▶ **WORK INSTRUCTION**
Here are records with pictures in them. Copy all of them exactly and leave the pictures out.

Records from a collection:
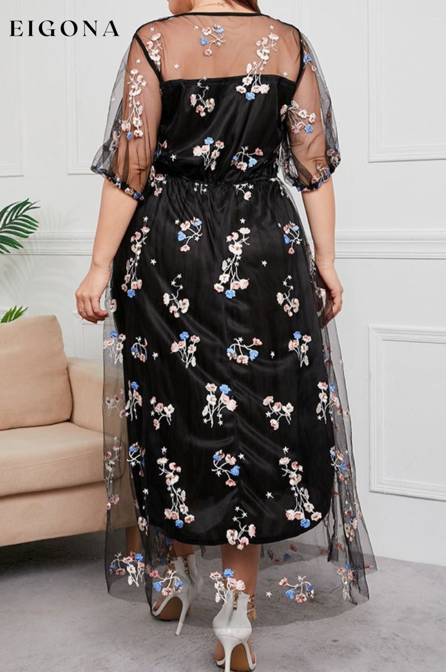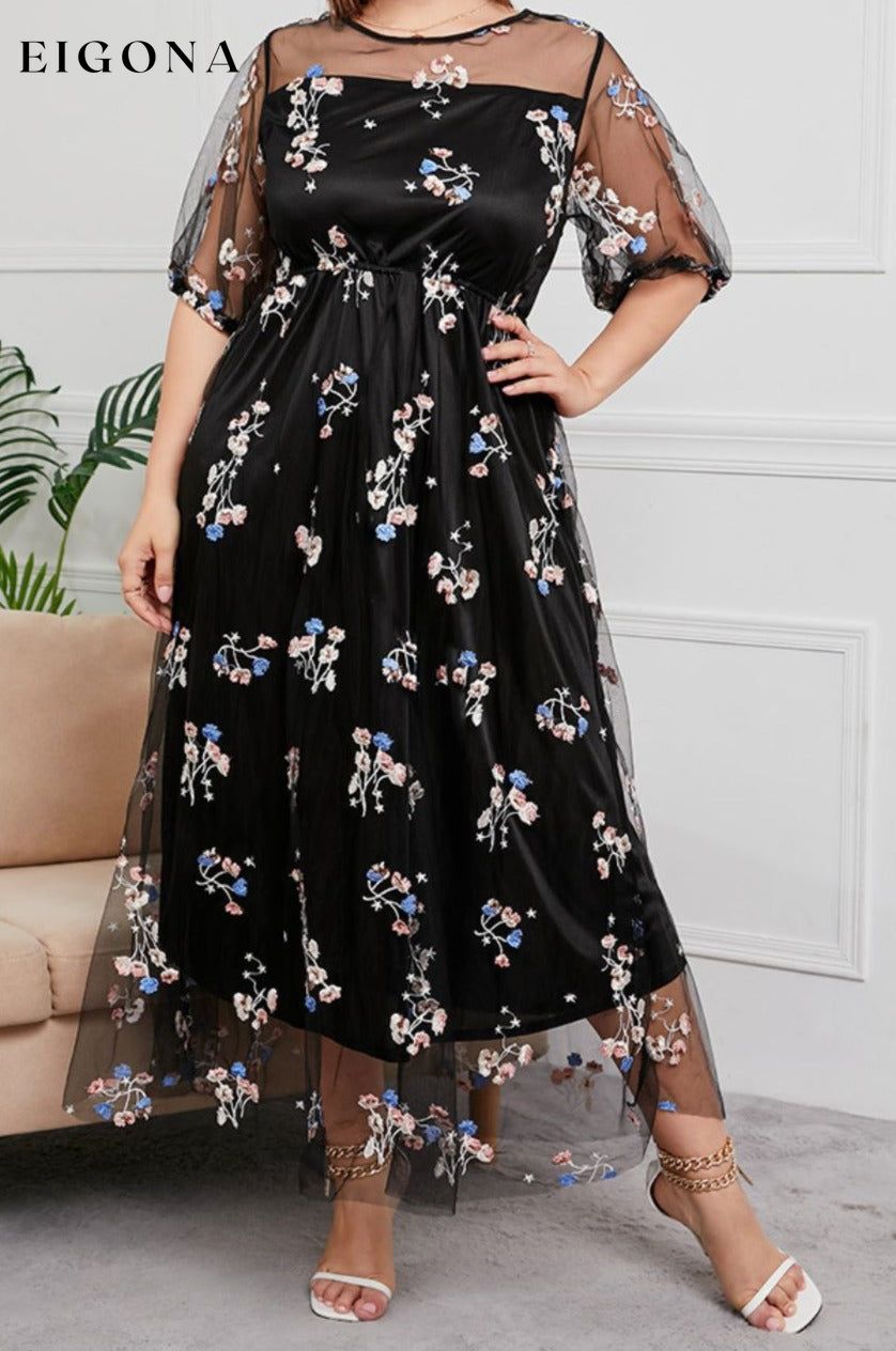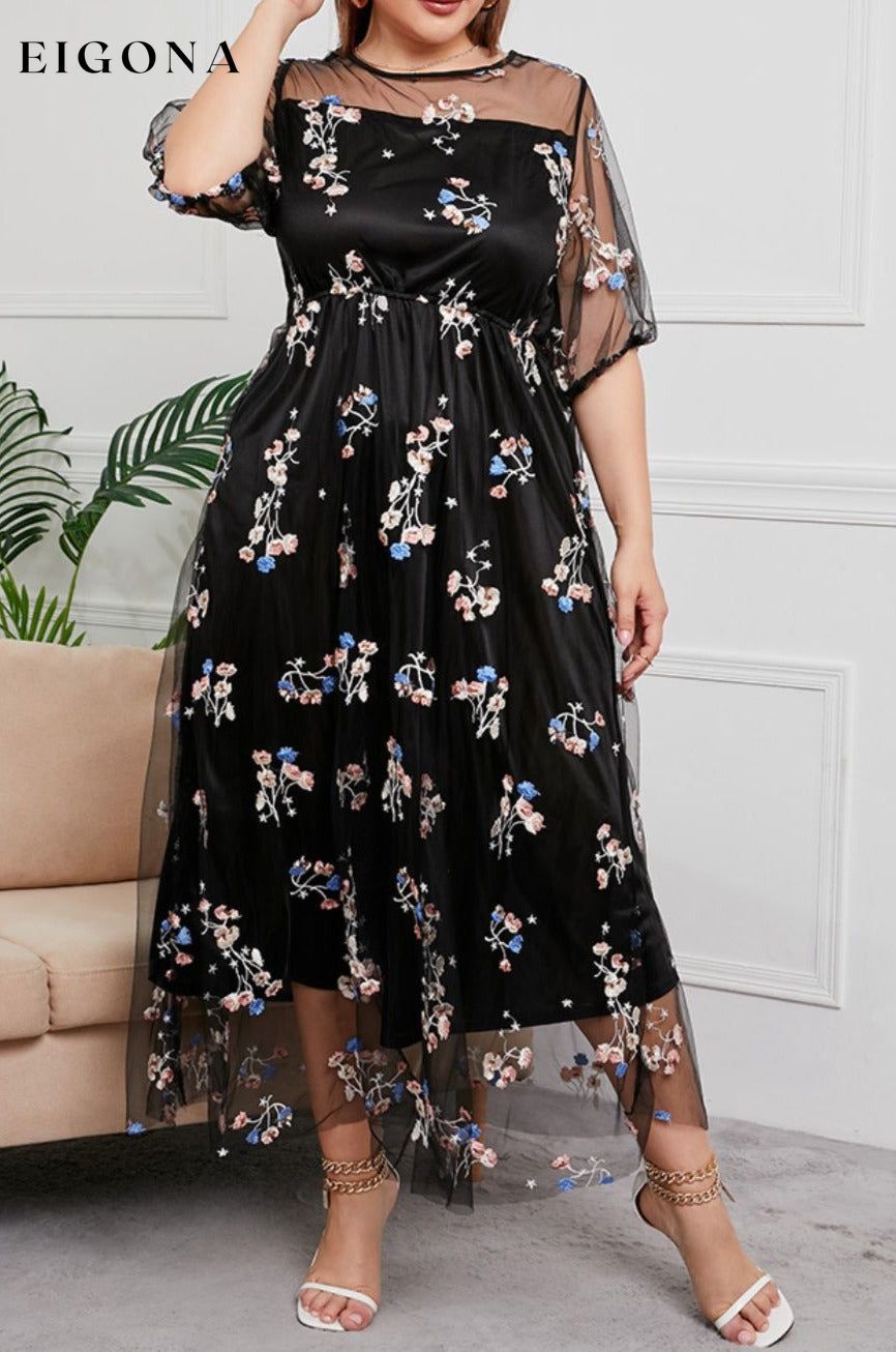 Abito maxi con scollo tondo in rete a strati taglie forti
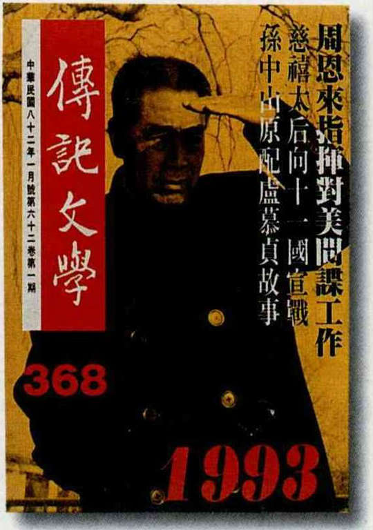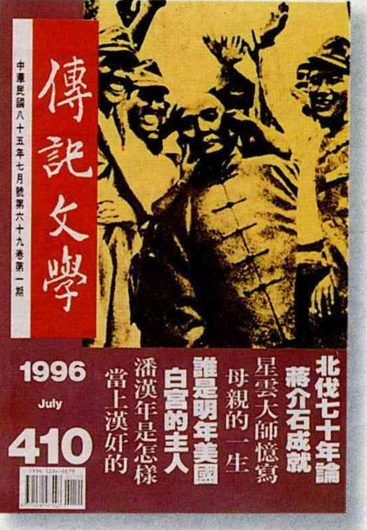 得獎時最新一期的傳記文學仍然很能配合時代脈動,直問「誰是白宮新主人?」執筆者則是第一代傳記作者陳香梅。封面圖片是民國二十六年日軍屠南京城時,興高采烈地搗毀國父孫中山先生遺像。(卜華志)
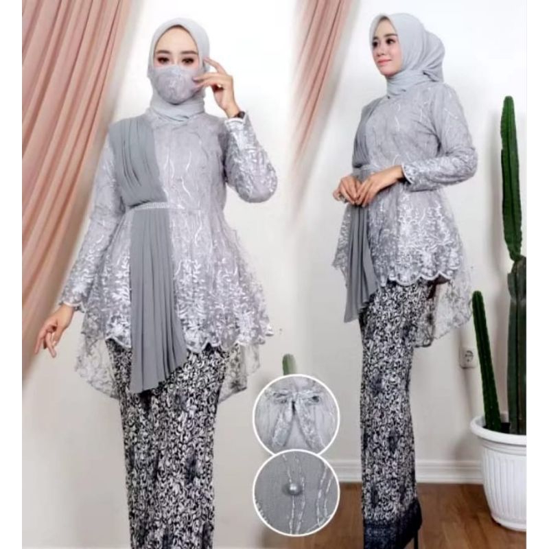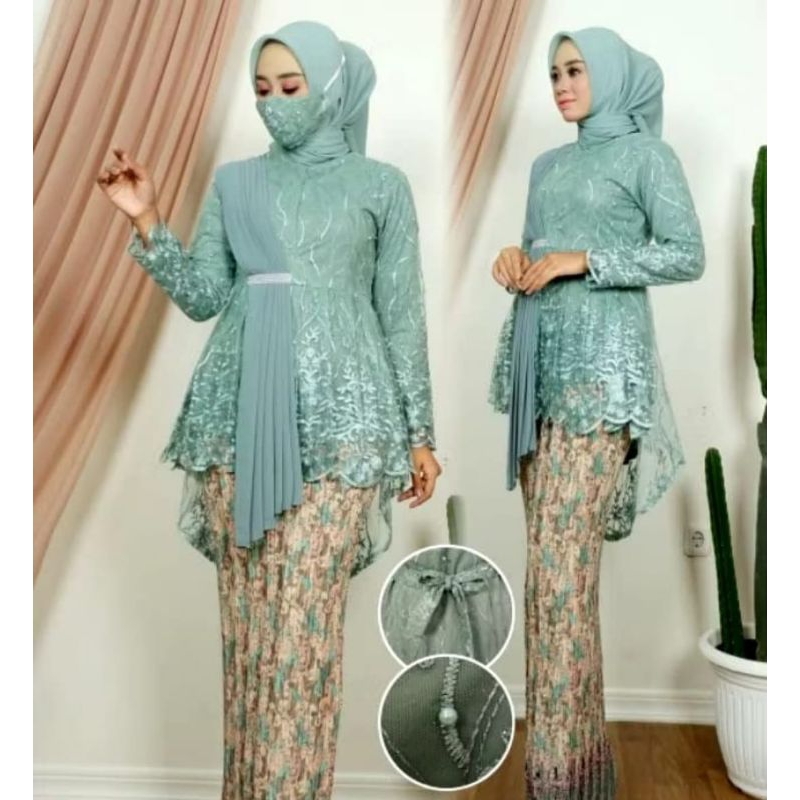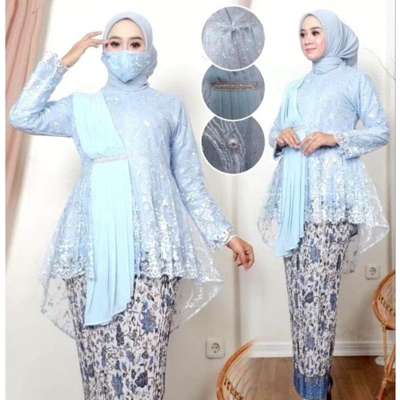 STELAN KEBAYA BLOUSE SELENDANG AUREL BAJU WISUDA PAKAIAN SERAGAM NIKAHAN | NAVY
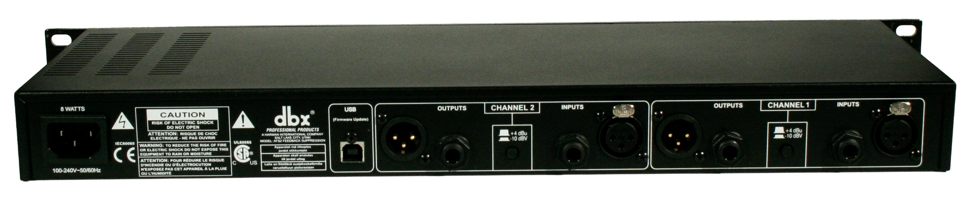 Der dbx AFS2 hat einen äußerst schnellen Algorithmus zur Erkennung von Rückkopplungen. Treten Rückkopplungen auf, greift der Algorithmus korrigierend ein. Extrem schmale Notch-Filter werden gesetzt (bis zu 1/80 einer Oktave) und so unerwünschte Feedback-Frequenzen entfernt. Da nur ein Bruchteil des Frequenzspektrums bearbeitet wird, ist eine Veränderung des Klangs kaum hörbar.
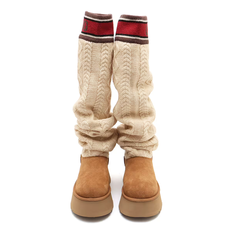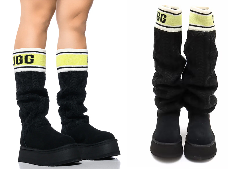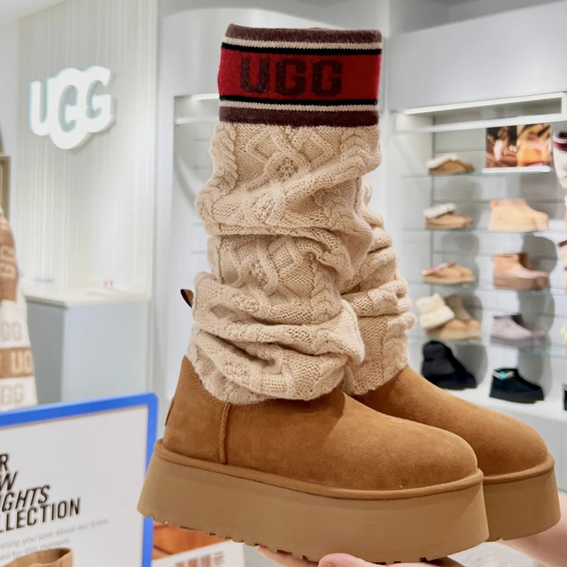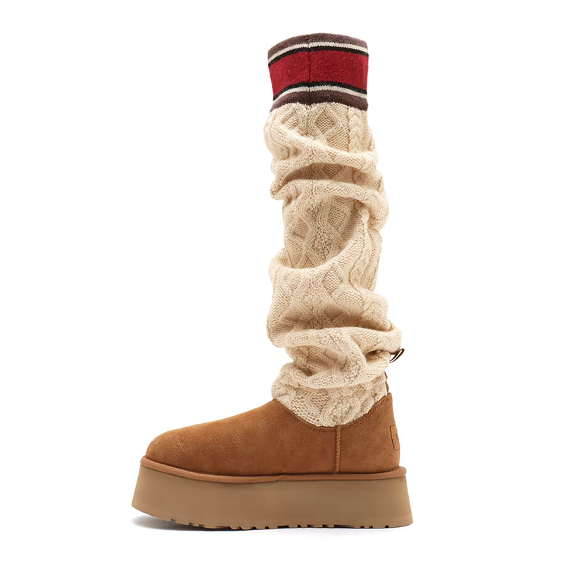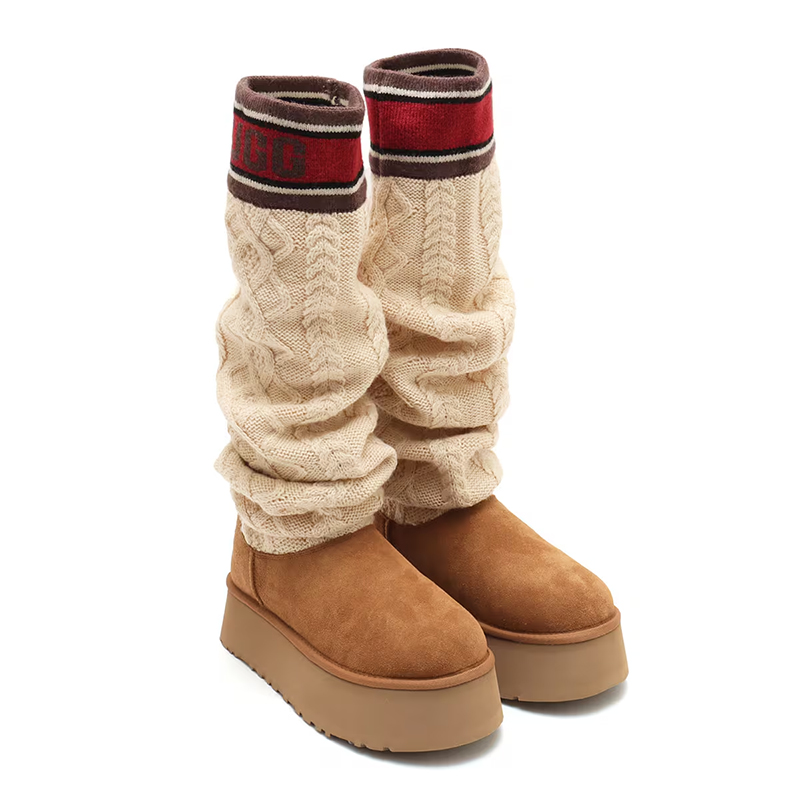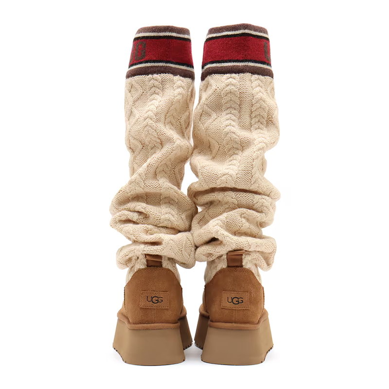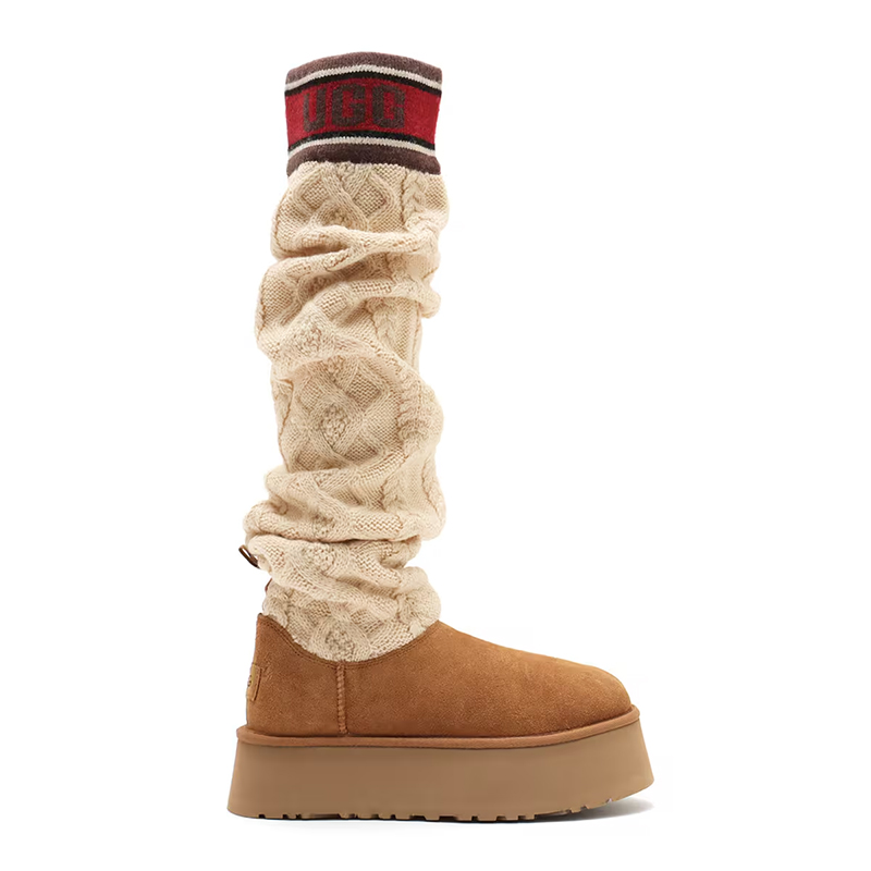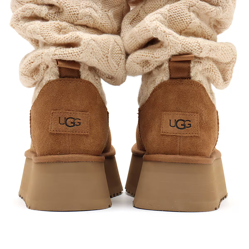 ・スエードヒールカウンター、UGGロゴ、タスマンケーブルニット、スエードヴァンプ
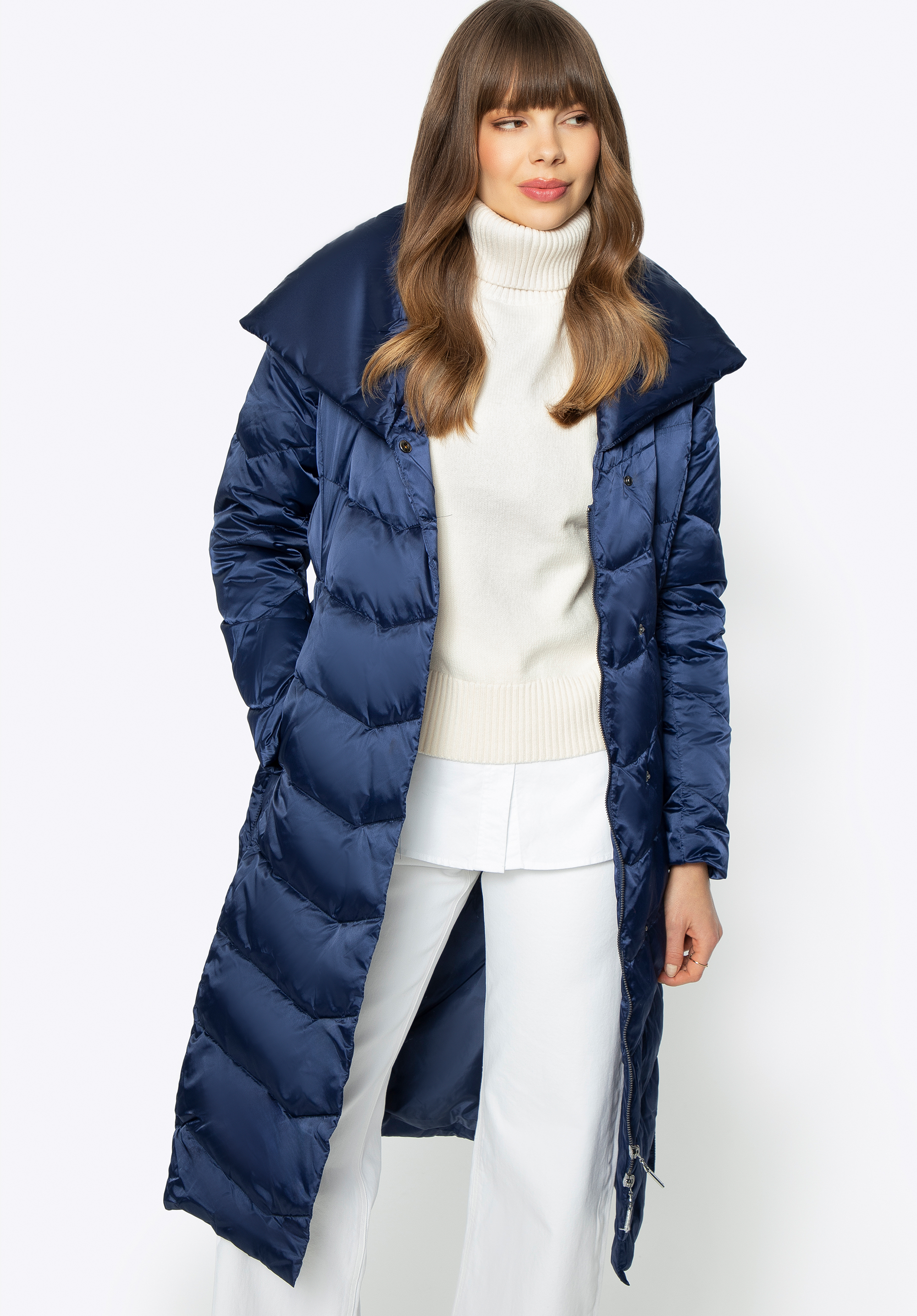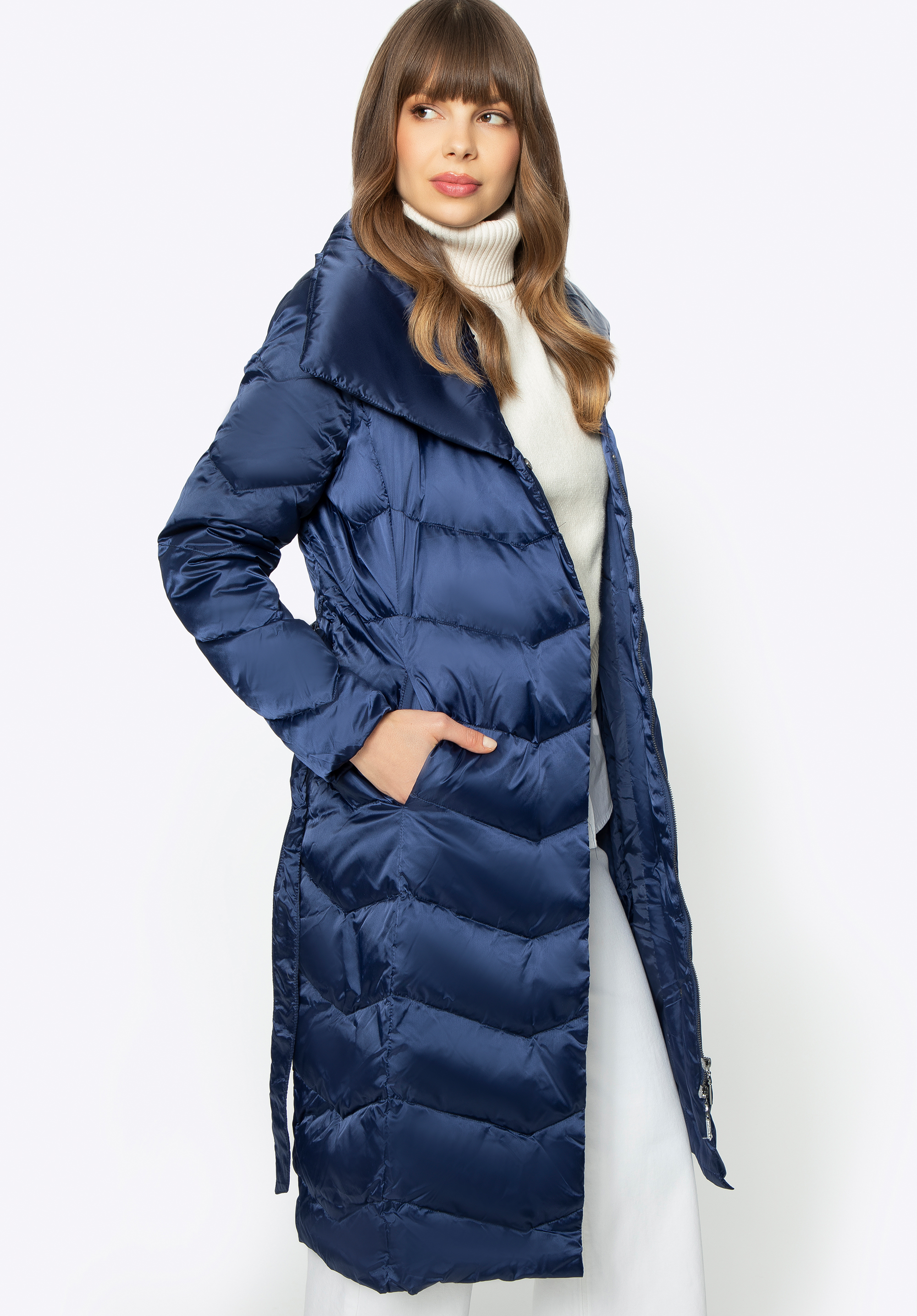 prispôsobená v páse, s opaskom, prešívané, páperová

▶ **RESULT FOR THIS EXERCISE**
 Abito maxi con scollo tondo in rete a strati taglie forti
 得獎時最新一期的傳記文學仍然很能配合時代脈動,直問「誰是白宮新主人?」執筆者則是第一代傳記作者陳香梅。封面圖片是民國二十六年日軍屠南京城時,興高采烈地搗毀國父孫中山先生遺像。(卜華志)
 STELAN KEBAYA BLOUSE SELENDANG AUREL BAJU WISUDA PAKAIAN SERAGAM NIKAHAN | NAVY
 Der dbx AFS2 hat einen äußerst schnellen Algorithmus zur Erkennung von Rückkopplungen. Treten Rückkopplungen auf, greift der Algorithmus korrigierend ein. Extrem schmale Notch-Filter werden gesetzt (bis zu 1/80 einer Oktave) und so unerwünschte Feedback-Frequenzen entfernt. Da nur ein Bruchteil des Frequenzspektrums bearbeitet wird, ist eine Veränderung des Klangs kaum hörbar.
 ・スエードヒールカウンター、UGGロゴ、タスマンケーブルニット、スエードヴァンプ
 prispôsobená v páse, s opaskom, prešívané, páperová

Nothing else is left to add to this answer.